У всех своя судьба, это невозможно. Даже когда писатели в XIX веке собирались, играли, пили, они хотя бы на почве общего пьянства соединялись, выясняли, кто лучше. Но писательский союз — это все равно абсурд, он и сейчас-то абсурден. Для издательских дел — да... В истории с «Узлом» понятно, что это люди, которые постепенно теряют себя, свой талант и проигрывают в игре с властью. Луговской пытался себя вынуть за волосы из этого. Дмитрий Петровский просто свихнулся. Тихонов потерял дар. А Пастернак прошел достойно свой путь, но у нас таких Пастернаков больше нет. Сейчас я еще второго такого человека вижу, но он действительно тоже уникальный.

— А кто этот второй человек?

— Евгений Львович Шварц.

— В «Узле» одна из первых главок небольших посвящена Парнок. И когда я читал остальную часть книги, у меня все время где-то на фоне маячили — и они тоже там появляются, но, собственно, книга им не посвящена — Белый и Кузмин. Как нам вообще соединить эти две истории литературы, как эти авторы в этот «Узел» вписывались?

— Я сейчас попробую объяснить, потому что я этим тоже занималась.
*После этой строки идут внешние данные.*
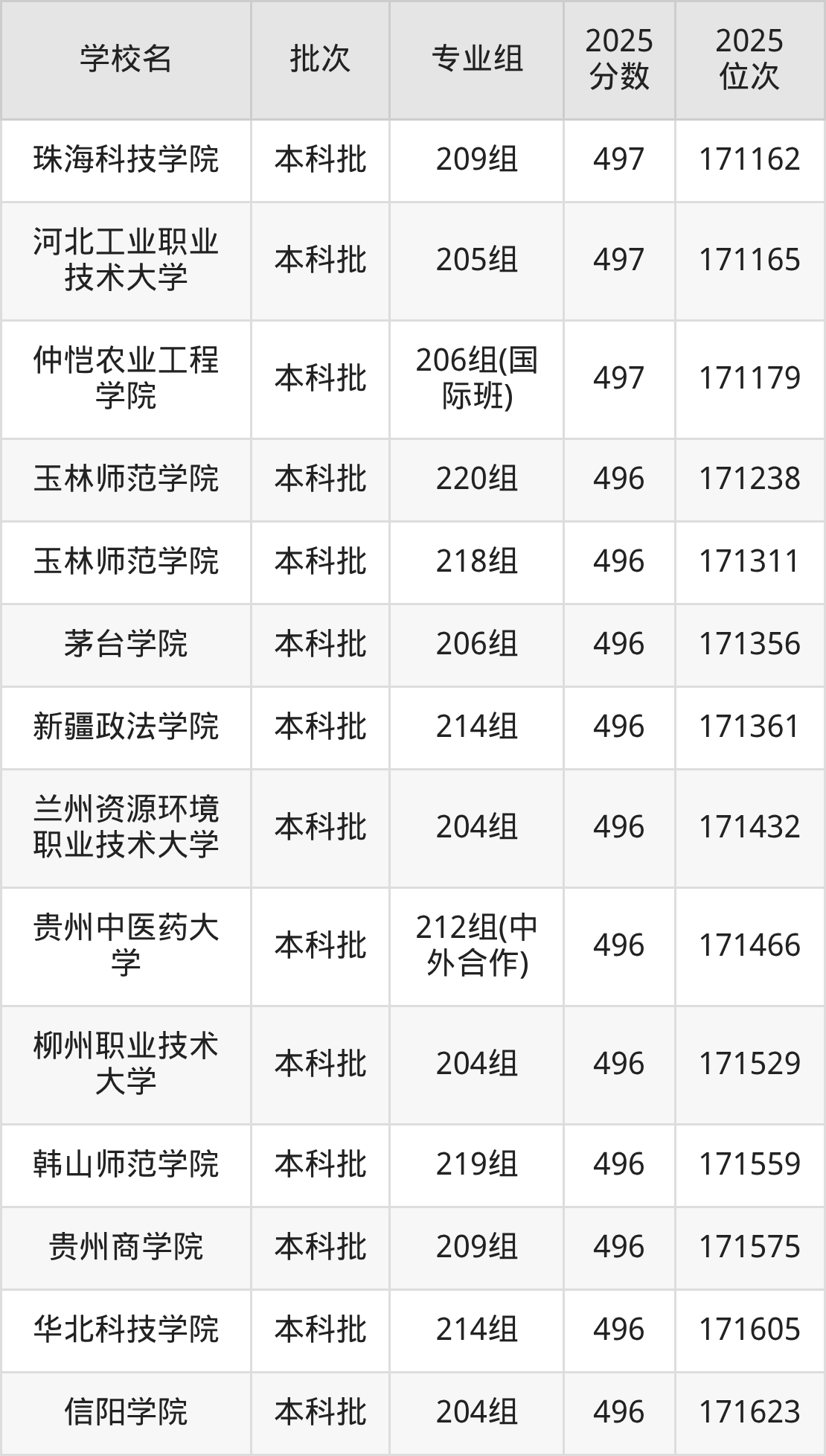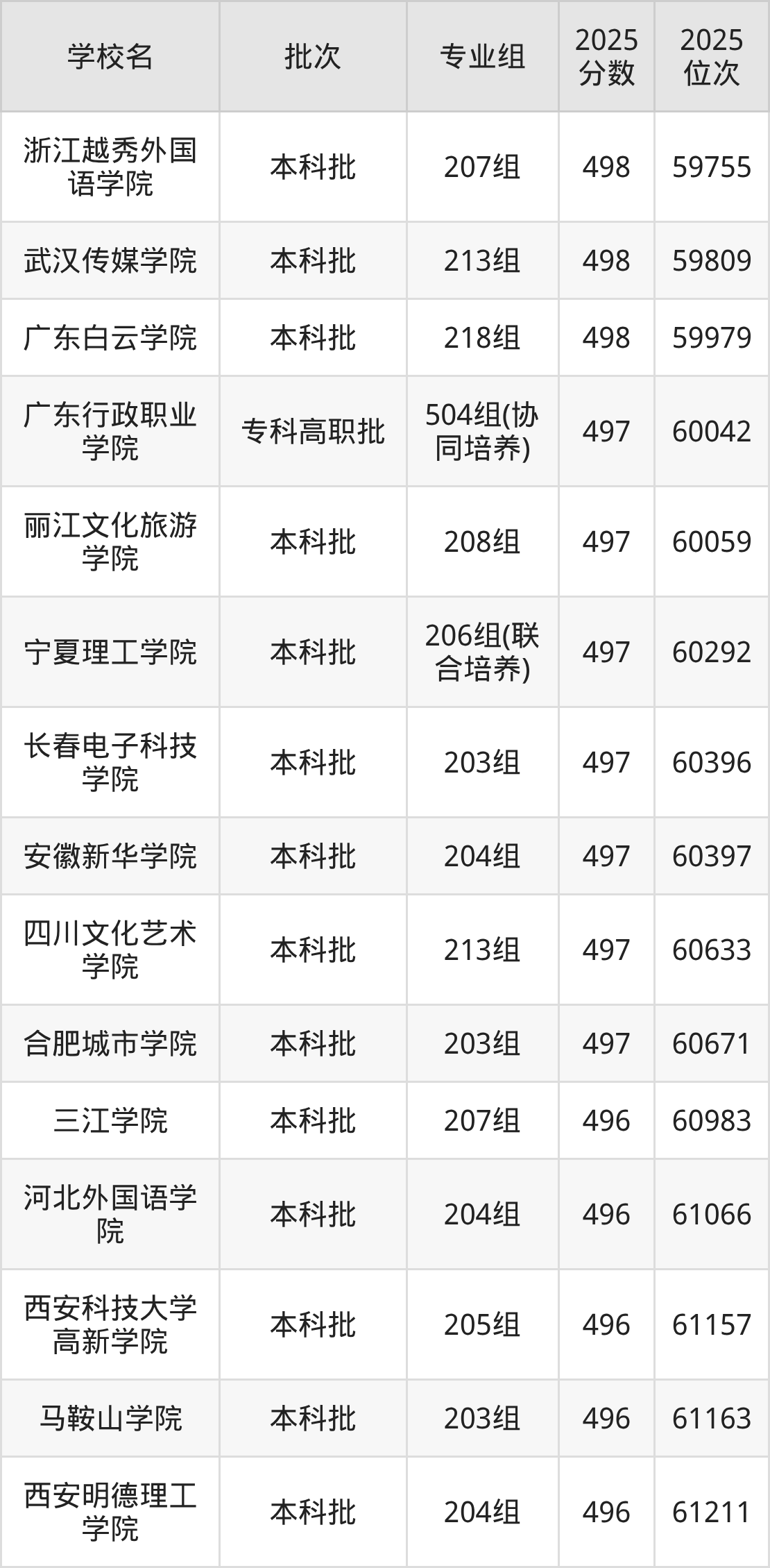 2025年广东高考历史类497分(60017名~60861名)能上的大学有安徽新华学院204组、宁夏理工学院206组(联合培养)、丽江文化旅游学院208组、长春电子科技学院203组等。

Моя книга «Последняя Москва» — она про дом Добровых, Даниила Андреева, историю существования, доживания людей Серебряного века в новой советской реальности. Эти люди не существуют в этой реальности как прежде, то есть они не могут уже ни создавать кружков, ни преподавать нормально — они все время натыкаются на некие стены. Потому что не надо забывать, что, например, дневники Андрея Белого были арестованы, и он фактически вытаскивал и свою жену, и ее бывшего мужа, и все это привело его к ранней смерти. Также в это время существует Чулков, очень интересный человек, который определял целую эпоху — а он сидит в 20–30-е годы на Смоленском бульваре, дом восемь, и старается приспособиться к новой власти, но у него не выходит. И существует Софья Парнок. Это все люди, которые знают, что они обречены, но им надо выжить в новой ситуации. Это — конец эпохи, и, в общем, все об этом догадываются, но есть люди, которые переваливают через эпоху, как Мейерхольд, который умудряется жить и там, и здесь, но конец всегда один, к сожалению, у таких как Мейерхольд. Станиславский — да, умирает своей смертью, но нить его существования все равно истончается. Это люди, которые уходят. И вот что я хочу сейчас написать, и, собственно, я про это и пишу: это про прежних людей. Как они в этих углах и щелях — особенно это очень видно по арбатским переулкам, где они доживали в особняках, превращенных в коммуналки или углах доходных домов...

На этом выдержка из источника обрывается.